In his later years, daughter Vickie Leiva took him to the Bay Area. His granddaughter, Charlotte and her husband, Chuck Villalobos, lived in the area at that time and they took him on the ferry from Oakland to San Francisco. Traveling across the Golden Gate Bridge and seeing the tall buildings astounded him. He stated that if he had known there would have been plenty of feed for cattle he might have moved there.
Still, in his old age he made the trips on horseback to visit his childhood home. One afternoon, Charlotte and Chuck, who had moved to Tehachapi, found him riding his horse down Curry Street towards town with the snow coming down hard. He was bundled up and his hat was down over his eyes. They stopped and asked him where he had been and he said, "Oh, I went home to the ranch for a few days."

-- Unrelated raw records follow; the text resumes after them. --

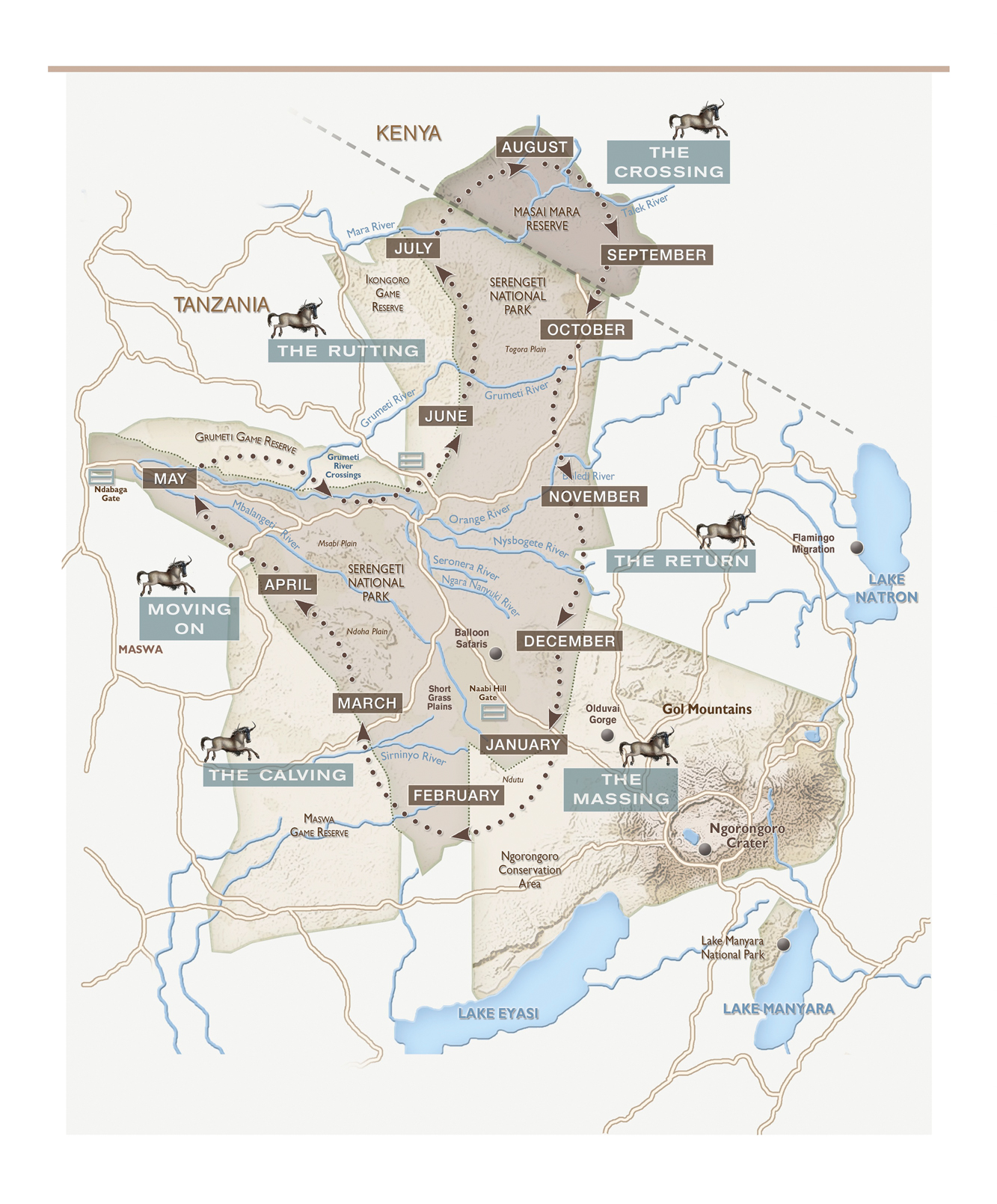 Though actual timing is dependent upon the rains, up to two million wildebeest follow this annual migration pattern each year.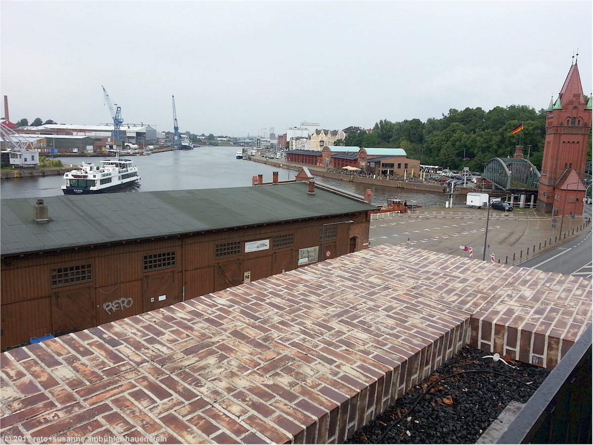 über die "breite strasse" und die "kleine burgstrasse" gelangen wir zum burgkloster. von der terrasse haben wir einen tollen ausblick auf die trave sowie den hansahafen und den burgtorhafen. beim letzterem hat es sowohl für die eisenbahn wie auch für die strasse eine hubbrücke.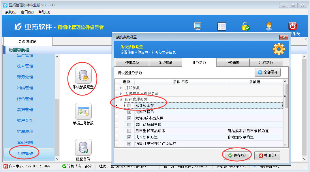 在功能導(dǎo)航窗點(diǎn)擊“系統(tǒng)管理”—》“系統(tǒng)參數(shù)配置”—》“業(yè)務(wù)參數(shù)”,即可進(jìn)入到“業(yè)務(wù)參數(shù)”配置界面,在庫存管理參數(shù)內(nèi)找到“允許負(fù)庫存”參數(shù),把這個參數(shù)的勾選去掉,然后保存,如下圖一所示。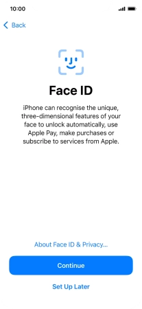 Follow the instructions on the screen to turn on use of Face ID or press Set Up Later.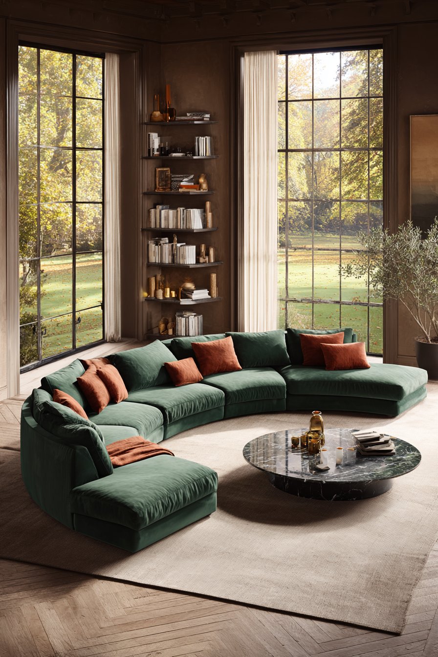 - Choose a crescent or semi-circular sectional for open-plan living areas

The Bakersfield Californian often contacted him when they needed information on those past years, for his keen memory never left him. He spent his final years living in a house on F Street by his daughter Mary Campas Rodriguez. Anselmo died on July 29, 1956 at the age of eighty. His tombstone includes the phrase: "A great man."
When it comes to family, the story always continues. One hundred years later, on April 15, 1976, Anselmo Campas' great-great-grandson, Jeremy Dunn, was born in Tehachapi, just one day, and one century, separated from the birthdate of his famous ancestor's birth on April 16, 1876. Jeremy's life also has included many of the aforementioned genetic memories of the well-known vaquero, whose life contained much history of earlier California days. Jeremy, with his wife, Brandi, operate a 160 acre ranch on the south base of the Tehachapi Mountains (J.B. Cattle Co.) is bordered on three sides by the historic Tejon Ranch. Their two children, Sage and Steele, are part of another generation that utilizes the "gentle" method of horse training.
Having inherited a passion for anything that has to do with horses and cattle, Jeremy employs the same easy style when it comes to training horses that the early vaqueros used. Jeremy Dunn states: "Being able to read what a horse needs just when they need it helps to make a soft and responsive partner. Sometimes when I ride onto Tejon land I think of my great- great-grandfather, Anselmo, and say, he probably rode here once, also."